Deepfakes easily bypass watermark protections, researchers warn

With the proliferation of deepfakes and the evolution of attempts to put a stop to them, it seems that all these efforts might be futile, as the newest research has shown that any artificial intelligence (AI) image watermark can be removed.

Specifically, researchers from the University of Waterloo’s Cybersecurity and Privacy Institute have demonstrated the capabilities of deepfakes to remove AI image watermarks without the attacker needing to know the design of the watermark or whether an image had one at all, per a report on July 23.

According to Andre Kassis, a PhD candidate in computer science and the lead author of the study, we need to have an efficient method of seeing through deepfakes, as “people want a way to verify what’s real and what’s not because the damages will be huge if we can’t,” because “this technology could have terrible and wide-reaching consequences, (…) from political smear campaigns to non-consensual pornography.”

To try and address this problem, AI behemoths like OpenAI, Meta, and Google have all offered invisible encoded ‘watermarks,’ with an aim to create publicly available tools that accurately discern between AI-generated content and real photos or videos, without revealing the nature of the watermarks.

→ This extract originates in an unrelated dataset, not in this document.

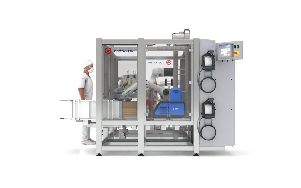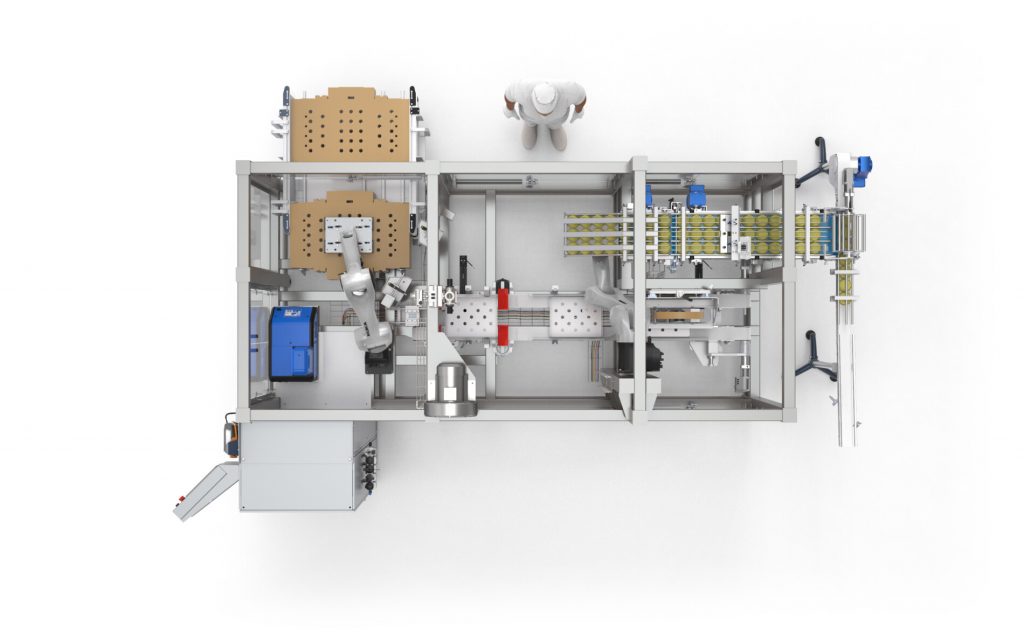 El otro robot toma el mosaico de potes previamente formado desde una cinta de entrada y coloca a los mismos dentro de la caja.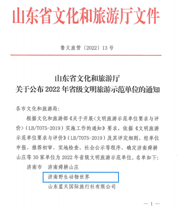 9月9日,山東省文化和旅游廳下發《關于公布2022年省級文明旅游示范單位的通知》,根據文化和旅游部《關于開展<文明旅游示范單位要求與評價>(LB/T075-2019)實施工作的通知》要求,依據《文明旅游示范單位要求與評價》(LB/T075-2019)及其評定細則,經單位申報、推薦初審、實地檢查、社會公示等程序,確定了30家單位為2022年省級文明旅游示范單位,濟南野生動物世界榜上有名。

UnMarker easily bypasses watermark defenses

That said, the Waterloo team has created UnMarker, a universal tool that successfully eliminates watermarks in real-world settings without the need to know the specifics of their encoding. This means it doesn’t require any knowledge of the algorithm, access to internal parameters, or interaction with the detector at all, efficiently removing both traditional and semantic watermarks without any customization.

In the words of Dr. Urs Hengartner, associate professor of the David R. Cheriton School of Computer Science at the University of Waterloo:

“While watermarking schemes are typically kept secret by AI companies, they must satisfy two essential properties: they need to be invisible to human users to preserve image quality, and they must be robust, that is, resistant to manipulation of an image like cropping or reducing resolution.”

However, such requirements substantially limit the possible designs for watermarks, so they need to operate in the image’s spectral domain, which Hengartner explained means they “subtly manipulate how pixel intensities vary across the image.”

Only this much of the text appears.